*** Opening of SUPPLIED INFORMATION ***

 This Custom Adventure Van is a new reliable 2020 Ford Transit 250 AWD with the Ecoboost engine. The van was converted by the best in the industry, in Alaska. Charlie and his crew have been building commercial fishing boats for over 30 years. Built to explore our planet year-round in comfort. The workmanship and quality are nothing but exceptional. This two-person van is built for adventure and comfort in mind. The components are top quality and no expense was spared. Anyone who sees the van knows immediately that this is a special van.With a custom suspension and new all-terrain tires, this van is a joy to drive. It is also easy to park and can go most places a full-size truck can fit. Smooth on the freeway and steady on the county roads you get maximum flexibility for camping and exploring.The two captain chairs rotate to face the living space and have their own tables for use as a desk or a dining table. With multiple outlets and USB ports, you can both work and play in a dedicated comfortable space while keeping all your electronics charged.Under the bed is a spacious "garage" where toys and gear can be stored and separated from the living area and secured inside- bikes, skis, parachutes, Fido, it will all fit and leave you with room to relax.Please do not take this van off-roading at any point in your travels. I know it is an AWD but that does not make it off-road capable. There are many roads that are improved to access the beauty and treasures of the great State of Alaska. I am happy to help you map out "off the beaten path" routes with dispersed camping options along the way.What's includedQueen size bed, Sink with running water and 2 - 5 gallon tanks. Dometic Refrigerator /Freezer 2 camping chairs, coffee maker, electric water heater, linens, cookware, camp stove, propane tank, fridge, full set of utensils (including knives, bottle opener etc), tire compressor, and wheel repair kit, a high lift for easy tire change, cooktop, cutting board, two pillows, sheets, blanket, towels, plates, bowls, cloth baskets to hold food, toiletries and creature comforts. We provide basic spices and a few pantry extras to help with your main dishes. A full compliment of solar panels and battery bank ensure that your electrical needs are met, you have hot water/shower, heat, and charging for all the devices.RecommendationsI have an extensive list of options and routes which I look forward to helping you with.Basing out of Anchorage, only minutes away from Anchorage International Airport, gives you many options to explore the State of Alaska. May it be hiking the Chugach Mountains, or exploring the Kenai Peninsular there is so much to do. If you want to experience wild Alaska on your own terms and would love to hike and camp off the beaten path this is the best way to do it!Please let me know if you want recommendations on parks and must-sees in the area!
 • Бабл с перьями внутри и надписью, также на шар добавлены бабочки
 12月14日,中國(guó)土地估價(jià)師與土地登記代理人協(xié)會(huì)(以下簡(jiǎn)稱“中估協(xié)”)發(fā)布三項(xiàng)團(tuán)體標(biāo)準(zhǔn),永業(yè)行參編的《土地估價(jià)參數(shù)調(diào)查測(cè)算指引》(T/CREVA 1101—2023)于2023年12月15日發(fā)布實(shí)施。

*** Close of SUPPLIED INFORMATION ***

__WHAT TO DO__.
Would you repeat all the material exactly as it is shown?

__TASK ANSWER__.
 This Custom Adventure Van is a new reliable 2020 Ford Transit 250 AWD with the Ecoboost engine. The van was converted by the best in the industry, in Alaska. Charlie and his crew have been building commercial fishing boats for over 30 years. Built to explore our planet year-round in comfort. The workmanship and quality are nothing but exceptional. This two-person van is built for adventure and comfort in mind. The components are top quality and no expense was spared. Anyone who sees the van knows immediately that this is a special van.With a custom suspension and new all-terrain tires, this van is a joy to drive. It is also easy to park and can go most places a full-size truck can fit. Smooth on the freeway and steady on the county roads you get maximum flexibility for camping and exploring.The two captain chairs rotate to face the living space and have their own tables for use as a desk or a dining table. With multiple outlets and USB ports, you can both work and play in a dedicated comfortable space while keeping all your electronics charged.Under the bed is a spacious "garage" where toys and gear can be stored and separated from the living area and secured inside- bikes, skis, parachutes, Fido, it will all fit and leave you with room to relax.Please do not take this van off-roading at any point in your travels. I know it is an AWD but that does not make it off-road capable. There are many roads that are improved to access the beauty and treasures of the great State of Alaska. I am happy to help you map out "off the beaten path" routes with dispersed camping options along the way.What's includedQueen size bed, Sink with running water and 2 - 5 gallon tanks. Dometic Refrigerator /Freezer 2 camping chairs, coffee maker, electric water heater, linens, cookware, camp stove, propane tank, fridge, full set of utensils (including knives, bottle opener etc), tire compressor, and wheel repair kit, a high lift for easy tire change, cooktop, cutting board, two pillows, sheets, blanket, towels, plates, bowls, cloth baskets to hold food, toiletries and creature comforts. We provide basic spices and a few pantry extras to help with your main dishes. A full compliment of solar panels and battery bank ensure that your electrical needs are met, you have hot water/shower, heat, and charging for all the devices.RecommendationsI have an extensive list of options and routes which I look forward to helping you with.Basing out of Anchorage, only minutes away from Anchorage International Airport, gives you many options to explore the State of Alaska. May it be hiking the Chugach Mountains, or exploring the Kenai Peninsular there is so much to do. If you want to experience wild Alaska on your own terms and would love to hike and camp off the beaten path this is the best way to do it!Please let me know if you want recommendations on parks and must-sees in the area!
 • Бабл с перьями внутри и надписью, также на шар добавлены бабочки
 12月14日,中國(guó)土地估價(jià)師與土地登記代理人協(xié)會(huì)(以下簡(jiǎn)稱“中估協(xié)”)發(fā)布三項(xiàng)團(tuán)體標(biāo)準(zhǔn),永業(yè)行參編的《土地估價(jià)參數(shù)調(diào)查測(cè)算指引》(T/CREVA 1101—2023)于2023年12月15日發(fā)布實(shí)施。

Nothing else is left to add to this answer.